[Directions for this task]: Repeat exactly the lines running from the first line of the data to the line containing "현대 간단한 예술 유리", both ends included, and nothing else; drop the pictures.

[Raw data]:
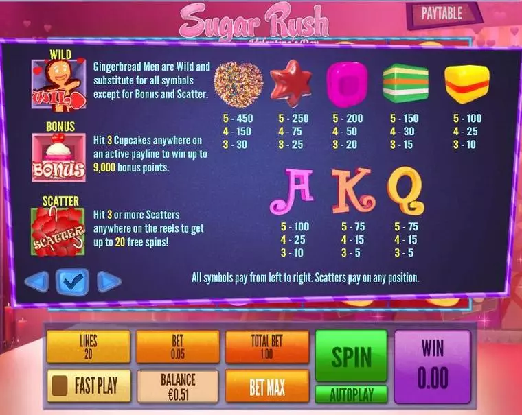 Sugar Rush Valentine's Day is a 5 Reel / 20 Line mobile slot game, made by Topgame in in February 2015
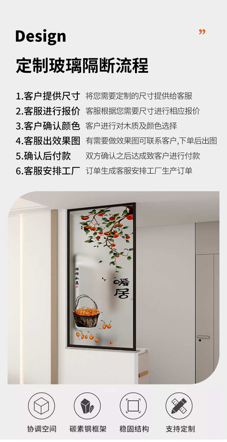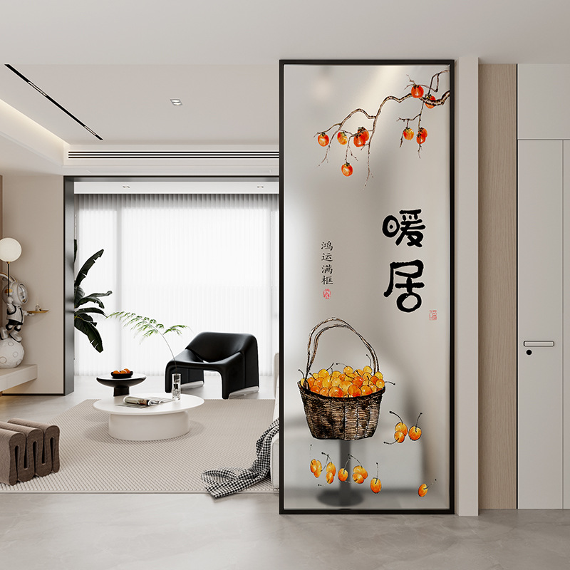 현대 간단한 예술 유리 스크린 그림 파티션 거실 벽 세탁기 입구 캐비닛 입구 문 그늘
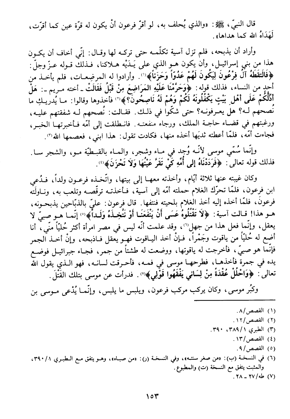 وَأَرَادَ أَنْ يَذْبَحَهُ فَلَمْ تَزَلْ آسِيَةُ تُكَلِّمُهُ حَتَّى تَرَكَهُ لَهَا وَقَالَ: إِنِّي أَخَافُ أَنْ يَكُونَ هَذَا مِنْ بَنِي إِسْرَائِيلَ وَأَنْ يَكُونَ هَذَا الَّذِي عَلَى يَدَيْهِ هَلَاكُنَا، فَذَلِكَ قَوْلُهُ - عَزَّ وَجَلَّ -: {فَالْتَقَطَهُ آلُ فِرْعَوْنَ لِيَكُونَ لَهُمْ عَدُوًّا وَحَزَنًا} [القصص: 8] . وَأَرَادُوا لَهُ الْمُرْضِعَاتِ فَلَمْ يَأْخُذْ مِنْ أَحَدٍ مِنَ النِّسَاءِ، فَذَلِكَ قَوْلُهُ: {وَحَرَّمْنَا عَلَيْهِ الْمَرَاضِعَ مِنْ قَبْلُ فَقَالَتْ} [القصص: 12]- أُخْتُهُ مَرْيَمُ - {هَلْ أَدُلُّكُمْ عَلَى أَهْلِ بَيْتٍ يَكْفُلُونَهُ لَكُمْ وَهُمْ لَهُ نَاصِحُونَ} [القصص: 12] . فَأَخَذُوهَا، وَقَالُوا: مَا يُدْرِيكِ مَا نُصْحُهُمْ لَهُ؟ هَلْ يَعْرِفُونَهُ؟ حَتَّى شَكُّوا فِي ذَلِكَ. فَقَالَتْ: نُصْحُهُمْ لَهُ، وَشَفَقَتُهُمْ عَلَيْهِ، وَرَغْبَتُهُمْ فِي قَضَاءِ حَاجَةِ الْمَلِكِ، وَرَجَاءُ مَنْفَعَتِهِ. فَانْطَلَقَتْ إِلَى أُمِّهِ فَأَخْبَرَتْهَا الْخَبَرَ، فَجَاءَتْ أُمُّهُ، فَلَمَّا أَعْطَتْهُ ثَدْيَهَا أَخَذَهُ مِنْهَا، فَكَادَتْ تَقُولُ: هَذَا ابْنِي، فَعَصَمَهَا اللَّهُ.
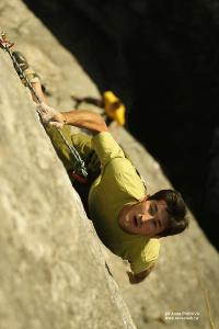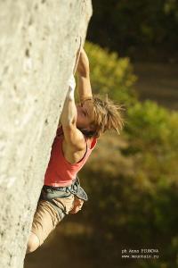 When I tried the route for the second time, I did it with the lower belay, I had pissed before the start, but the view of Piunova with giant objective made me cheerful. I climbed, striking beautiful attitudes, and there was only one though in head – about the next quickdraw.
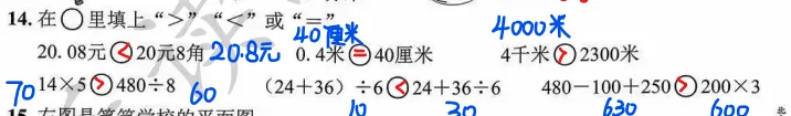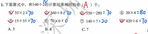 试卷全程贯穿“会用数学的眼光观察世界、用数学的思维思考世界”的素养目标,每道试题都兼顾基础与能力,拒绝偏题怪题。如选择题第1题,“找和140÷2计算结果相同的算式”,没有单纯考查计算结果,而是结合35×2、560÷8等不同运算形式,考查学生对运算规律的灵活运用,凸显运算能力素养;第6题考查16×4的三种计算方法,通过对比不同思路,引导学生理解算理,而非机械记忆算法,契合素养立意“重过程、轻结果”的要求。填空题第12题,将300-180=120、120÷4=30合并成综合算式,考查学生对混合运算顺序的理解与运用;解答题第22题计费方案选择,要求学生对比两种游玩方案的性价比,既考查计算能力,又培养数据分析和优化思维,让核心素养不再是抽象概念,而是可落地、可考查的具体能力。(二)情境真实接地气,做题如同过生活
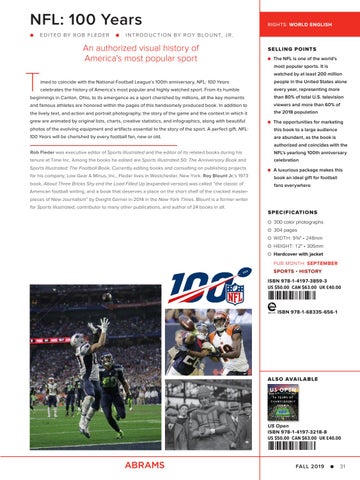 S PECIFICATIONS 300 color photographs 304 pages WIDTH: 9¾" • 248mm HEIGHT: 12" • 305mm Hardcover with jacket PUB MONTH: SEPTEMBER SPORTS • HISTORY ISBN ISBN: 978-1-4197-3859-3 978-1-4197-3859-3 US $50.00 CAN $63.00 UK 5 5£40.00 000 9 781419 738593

[Answer to the exercise]:
 Sugar Rush Valentine's Day is a 5 Reel / 20 Line mobile slot game, made by Topgame in in February 2015
 현대 간단한 예술 유리 스크린 그림 파티션 거실 벽 세탁기 입구 캐비닛 입구 문 그늘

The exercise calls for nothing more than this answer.